:: Exercise aim ::
Retype all entries exactly as they stand, excluding pictures.

Excerpted records START

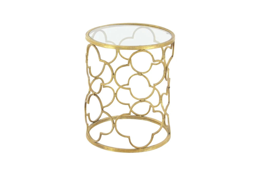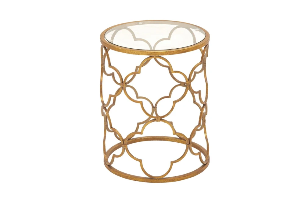 The Lalita Metal & Glass Accent Table is a stylish addition to any space, featuring a contemporary industrial design made of metal with a gold finish and a glass surface. The cylindrical iron base has a lattice design, and the table comes fully assembled.
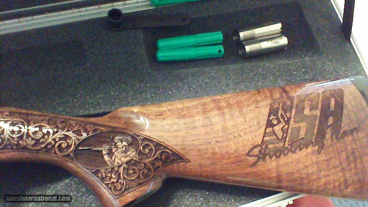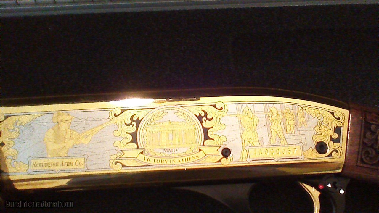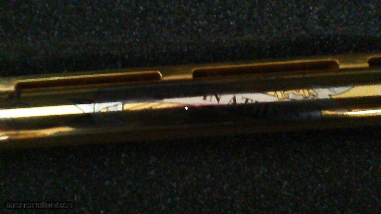 Description: Remington 110 LT-20, Gold plated and engraved action and stock honoring the Olympics in Athens Greece 2004. The shotgun is 24 Karat gold plated with multiple sceens of shooter (pistol, rifle and shotgun). The orginal owner paid over $4,000 in 2004. Comes with choke tool, plug and improve, modified and full chokes. The shotgun is new and never been fired. Case is aluminum and hardy board and locks (keys included). the engraving and plating was conducted by Investment Arms Inc. SOLD Manufacturer: Remington Model: 1100 Chambers: 2 3/4 Condition: new Metal Condition: new Wood Condition: new Gauge Info: 20 Rib: ventilated Chokes: Modified, Improved and Full Case: Hard Item Location: Meridian, Idaho |
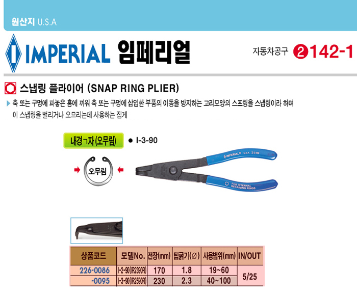 [Àӯ䏮¾ó]½º³À¸µÇöóÀÌ¾î ³»°æ¤¡ÀÚ ¿À¹«¸²(I-3-90/IR2590R, 40-100mm)(Snap ring plier)
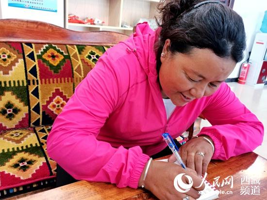 扎西梅朵在認真寫字。人民網 李海霞攝
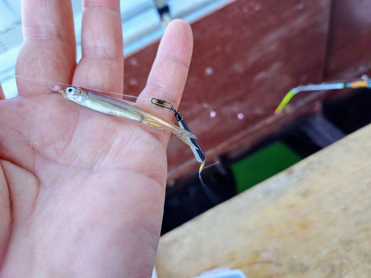 今年のワカサギサイズは小さく6㎝がアベレージっぽいので、1号のハリを0.5号に落としてみましたが、違いは感じられず…何が違うのか…
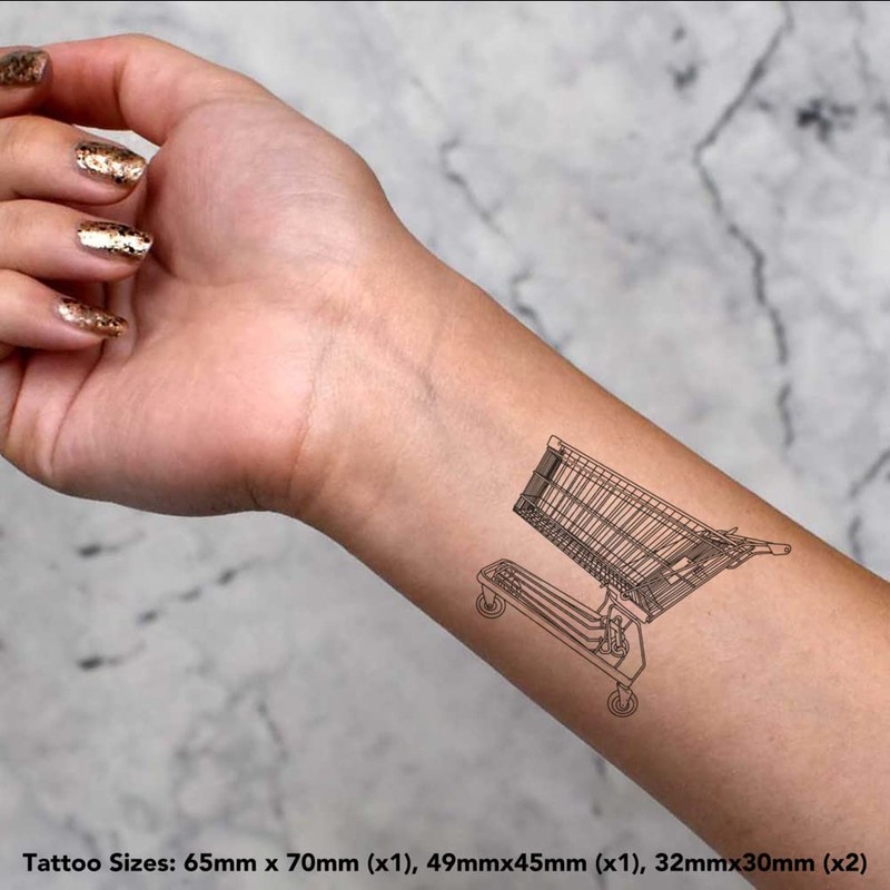 4 x 'Shopping Trolley' Temporary Tattoos - Water Resistant, Skin-Safe, Non-Toxic Transfers, Mixed Sizes (TO00057880)
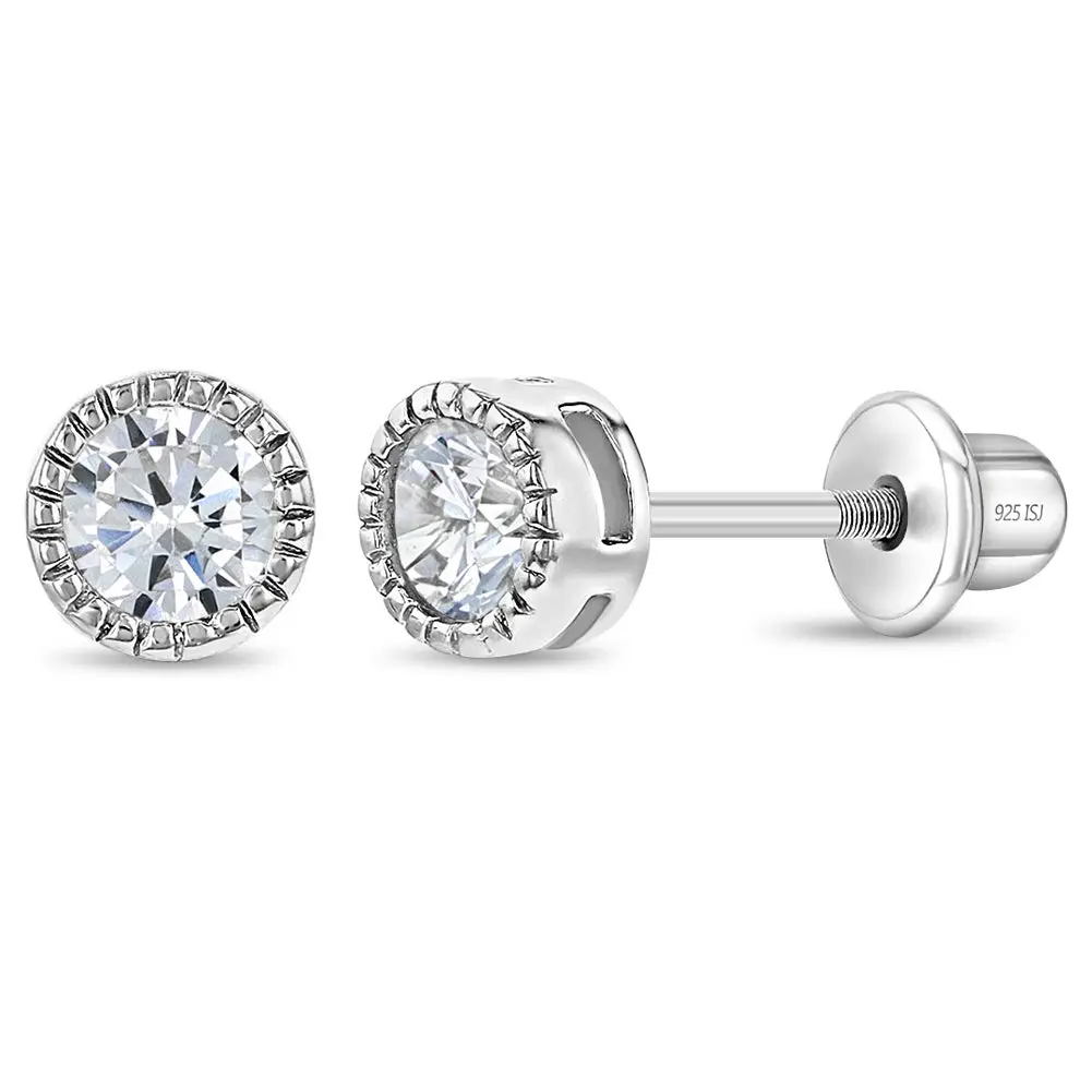 Trim Bezel Round CZ 5mm Baby / Toddler / Kids Earrings Screw Back - Sterling Silver

Excerpted records END

:: Solution to this task ::
 The Lalita Metal & Glass Accent Table is a stylish addition to any space, featuring a contemporary industrial design made of metal with a gold finish and a glass surface. The cylindrical iron base has a lattice design, and the table comes fully assembled.
 Description: Remington 110 LT-20, Gold plated and engraved action and stock honoring the Olympics in Athens Greece 2004. The shotgun is 24 Karat gold plated with multiple sceens of shooter (pistol, rifle and shotgun). The orginal owner paid over $4,000 in 2004. Comes with choke tool, plug and improve, modified and full chokes. The shotgun is new and never been fired. Case is aluminum and hardy board and locks (keys included). the engraving and plating was conducted by Investment Arms Inc. SOLD Manufacturer: Remington Model: 1100 Chambers: 2 3/4 Condition: new Metal Condition: new Wood Condition: new Gauge Info: 20 Rib: ventilated Chokes: Modified, Improved and Full Case: Hard Item Location: Meridian, Idaho |
 [Àӯ䏮¾ó]½º³À¸µÇöóÀÌ¾î ³»°æ¤¡ÀÚ ¿À¹«¸²(I-3-90/IR2590R, 40-100mm)(Snap ring plier)
 扎西梅朵在認真寫字。人民網 李海霞攝
 今年のワカサギサイズは小さく6㎝がアベレージっぽいので、1号のハリを0.5号に落としてみましたが、違いは感じられず…何が違うのか…
 4 x 'Shopping Trolley' Temporary Tattoos - Water Resistant, Skin-Safe, Non-Toxic Transfers, Mixed Sizes (TO00057880)
 Trim Bezel Round CZ 5mm Baby / Toddler / Kids Earrings Screw Back - Sterling Silver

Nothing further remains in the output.